FOR THE DISTRICT OF COLUMBIA

_____________________________________________





REPLY BRIEF FOR APPELLANT

xxxxxxxxxxxxxxxxxx

_____________________________________________



PRELIMINARY STATEMENT

As to matters not discussed herein, appellant relies on his opening brief.

SUMMARY OF ARGUMENT

The government wrongly argues that the court cannot review appellant's case unless he has shown "a fundamental defect which inherently results in a complete miscarriage of justice." Such a showing does not apply where, as here, the petitioner raises a question of constitutional error. Even if appellant had to meet the standard suggested by the government, a conviction and punishment for conduct which the law does not make criminal "inherently results in a complete miscarriage of justice." Davis v. United States, 417 U.S. 333, 346 (1974).

The government's complaint that appellant has not made a detailed argument showing "cause" for his failure to raise this issue previously should fail. Appellant was not given the opportunity to develop the record on his counsel's ineffective assistance because the district court denied his petition on the merits without holding an evidentiary hearing. Likewise, the government's complaint that appellant has not shown cause for defaulting on his ineffective assistance of counsel claim should fail because the government has waived this argument.

The fallacy of the government's central claim that a gun has been "used" within the meaning of the statute when it is "a means of exchange[,] regardless of which side of the transaction the gun is on" is demonstrated by the fact that "there is no grammatically correct way to express that a person receiving a payment is thereby 'using' the payment.
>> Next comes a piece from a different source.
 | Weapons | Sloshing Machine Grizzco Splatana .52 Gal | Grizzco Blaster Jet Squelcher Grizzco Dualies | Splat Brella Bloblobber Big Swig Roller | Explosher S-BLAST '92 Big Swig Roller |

United States v. Westmoreland, 122 F.3d 431, 436 (7th Cir. 1997). The government does not suggest any way to express its construction of the word "use."
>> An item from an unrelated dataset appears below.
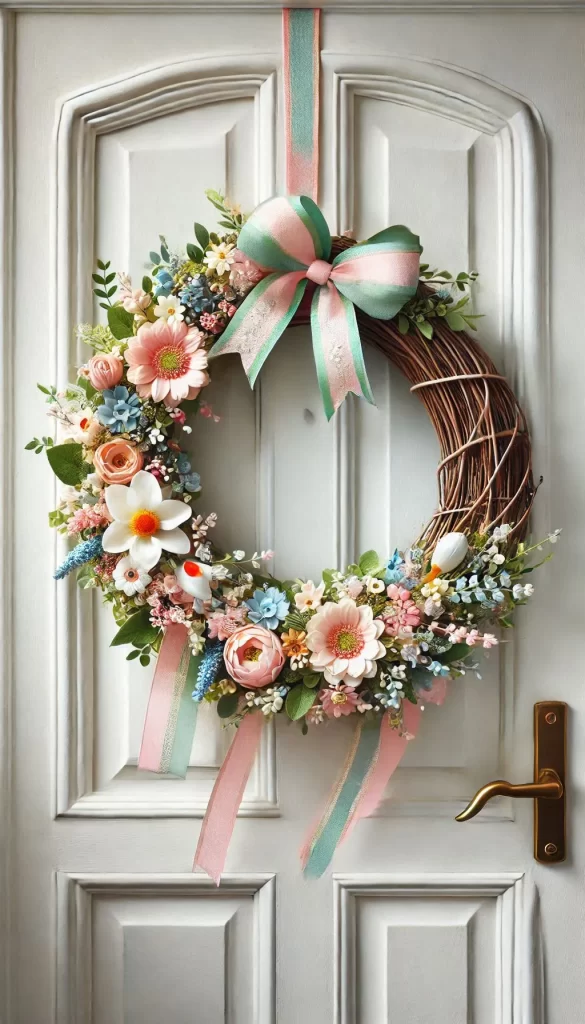 A welcoming front door is the perfect place to display a DIY spring wreath made with inexpensive materials.

The fact that the Supreme Court cited United States v. Harris, 959 F.2d 246 (D.C. Cir. 1991), cert. denied, 506 U.S. 932 (1992), in Smith v. United States, 508 U.S. 223 (1993), as evidence of a circuit split without distinguishing between the facts of the two cases is of no consequence to the determination whether one has "used" a gun by receiving it as payment. Harris, which held that the defendants used the gun by receiving it because it "facilitated" the underlying crime by "emboldening" the defendants, is not valid after the Supreme Court's decision in Bailey v. United States, 516 U.S. 137 (1995). Furthermore, the Supreme Court decided only one question in Smith: "[W]hether the barter of a gun for drugs was a 'use.'" This case presents a different question.

ARGUMENT

THE DISTRICT COURT ERRED BY DENYING APPELLANT'S MOTION PURSUANT TO 28 U.S.C. 2255 WHERE APPELLANT WAS INNOCENT OF "USING" A FIREARM FOR PURPOSES OF 18 U.S.C. 924(c) IN LIGHT OF BAILEY V. UNITED STATES, 516 U.S. 137 (1995).

A. Standard of Review.

The government seeks to impose a higher burden of proof on appellant than the Supreme Court has imposed. According to the government's formulation, to gain review on collateral attack, a petitioner must show "'a fundamental defect which inherently results in a complete miscarriage of justice," or 'an omission inconsistent with the rudimentary demands of fair procedure.'" (Government's Brief at 9-10, quoting United States v. Pollard, 959 F.2d 1011, 1020 (D.C. Cir.), cert. denied, 506 U.S. 915 (1992)). The government's formulation is wrong.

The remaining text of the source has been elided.